Because she survived the accident, he said she provides great motivation to him.

"I could see someone who lost a loved one to a disease or an accident not wanting to [donate]," Melson said. "The person they love is gone and won't benefit from anything. But Christan survived. She's still alive. I've spent tens of thousands of dollars throughout the years on these experimental procedures [for her]. We've flown internationally to have these procedures and these therapies that we had to pay out of pocket for.

"I said to her, 'We don't know if it's going to work, but we fail every time we don't try.' That's a guarantee. I wasn't going to take the risk."

Melson is a strong, powerful, intelligent man. His voice quivers, though, as he speaks of the struggles he's shared with Zaccagnino over the last 10 years. They were boyfriend and girlfriend for six years, but are now just friends.

It hurts him, he says, every day she's seated in that chair.

"I'm doing this almost to save my own sanity, because this is my cross I have to bear," he said. "My best friend, who I love as much as anyone or anything in this world, is paralyzed. If I use the [boxing purse] money to buy a new car, guess what? She's still paralyzed and I'm still sad. That sadness trumps everything else in my life.

"It's affected me trying to be in other romantic relationships with anybody else.
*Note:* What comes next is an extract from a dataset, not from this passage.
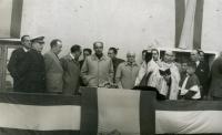 O rapáz que está a carón do señor apoiado no macetero na deréita da imaxe, -co clarinete- é, quen co paso dos anos, pasóu a ser o Sr. Moncho Tubio,-que repartia caramelos entre @s nen@s do povo-, pai dos hirmáns Moncho, i Manolo, compoñentes da orquestra CORTEGADA..Saudos de Roberto Ocaña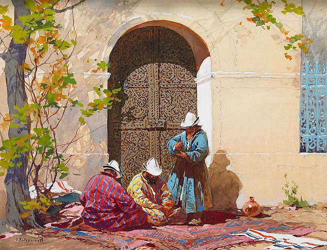 | Orientalische Händler vor Haustor. | |

It's affected my overall happiness. I'm always sad. A part of me is always sad because I've lived with this atrocity of seeing what a spinal cord injury does to somebody."


Zaccagnino doesn't even bother to try to explain Melson to a stranger. He's an unusual phenomenon you accept and enjoy.

"There is no explaining him," she says. "He comes from a frickin' different planet. There's people out there who wouldn't do it for their own families. Then, there is this man who is doing everything and then some for me and everything and then some for people in chairs. He's lived his life very close to mine and he knows the challenges of being in a chair. Because of that, he wants everyone to be free, not only me."

Zaccagnino says her travels seeking treatment have helped, though she declines to go into detail to explain them. But she's flown to China, Jordan and Mexico, among other places, with Melson in order to try to get better.

She said she's able to live 90 percent independently, thanks to some of the treatment she's gotten. But she's most hopeful Young's research will lead to a day when a spinal cord injury doesn't automatically relegate one to life in a wheelchair.

She lost a lot, she concedes, after her accident. But for all she lost, she came away with a big win.

"I've missed out on a lot in life," she said. "But I do believe the day I met Boyd, a lot of what was taken from me was given back by having him."